TATAs ambitious housing projects

After successful completion of cheapest car project, Tata group is now working on cheapest hosing solution through its two realty subsidiaries, Tata housing and Tata Realty. Tata group has discussed about the land requirement for the project and they have decided to develop land in 3 major ways. First one is Tata housing working with the company that owns the land. Second one is, Tata housing can also take the SPV route and then decide on the profit sharing ratio and the third one is the option of purchasing the land. After completion of project, the property could either be sold or leased. Managing committee refused to share any kind of details by saying that it would be premature to comment.

Wednesday, June 24, 2009

Real Estate Update

Indian realty majors have been reeling under a severe cash crunch for a long time now. Will the crisis subsiding (atleast seeming to subside), real estate players have started taking prudent measures to improve their financial condition. Capital Intensive projects have been scrapped/ deferred and affordable housing has become the buzz word.

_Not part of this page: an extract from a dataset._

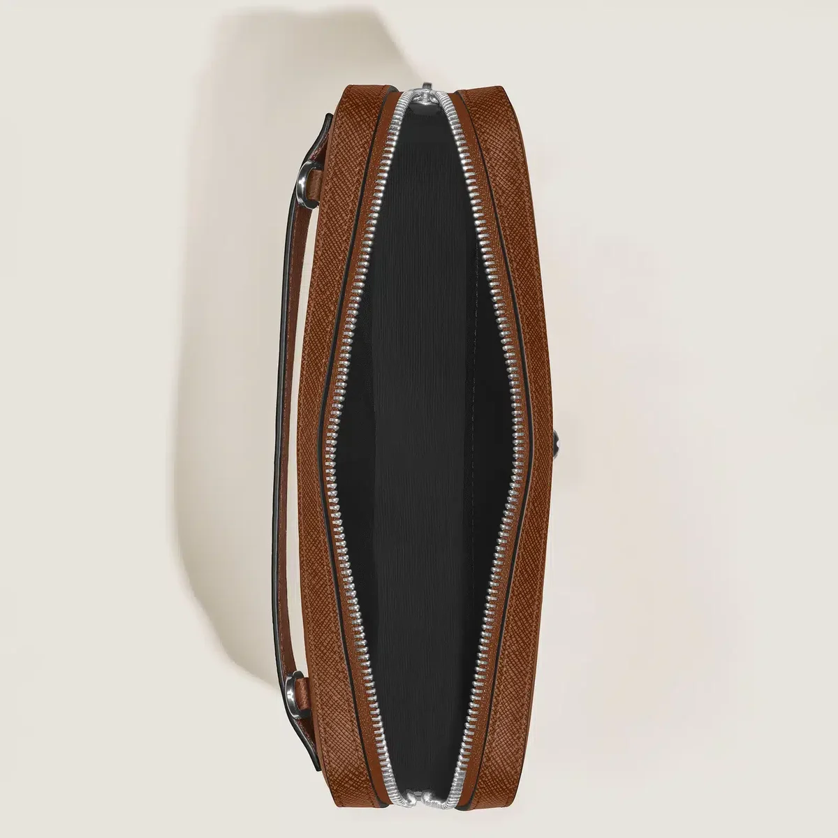 Denna mini crossbody-väska är inspirerad av skrivandets värld och tillverkad av präglat Sartorial-läder i en elegant fauve-färg. Den är designad för mångsidighet och kan bäras i handen eller över axeln med hjälp av den justerbara, avtagbara remmen. För extra funktionalitet har den ett läderband på baksidan som gör att den kan fästas på större väskor.

Players are looking at deleveraging their business with asset monetisation and equity stake sales. Sobha is looking at raising PE funds (in talks with Actis, JPMorgan, and IL&FS Private Equity), DLF is planning to sell its non core assets, Unitech has done a QIP, Parsvnath is planning a 2500 crore QIP and others have been also been following the same path.

With prices down ~30% from the peak, genuine buyers are returning to the market, albeit only in the housing segment. In the last three months, Unitech and DLF have sold 3.2msf and 2.5msf of launched properties. Demand is bound to accelerate over the next 12 months as the economy revives and interest rates stay soft, though commercial demand would come only after the
oversupply is absorbed.

Rentals at Saket for commercial/ retail property have fallen to Rs 120 (who would have imagined that last year). In Gurgaon, rates for new apartments have been cut by over 30% by builders. A lot of construction activity seems to have restarted with the realty players having consolidated their finances.

However, there is a lot of dirt and debt in the balance sheet of most of the realty players which will need prudent financial decisions to clear. Real estate is still away from recovering. Real estate stocks though have shown a decent bounceback in the recent rally of the Sensex. Most of the stocks are up over 50% from its March lows.

The IPO market has seen some activity with Mahindra Holidays coming out with a public offering at a conservative price. The issue has been subscribed 20% on the first day itself, though the pre IPO placement to SBI and Jacob Ballas have taken a 32% haircut on their price!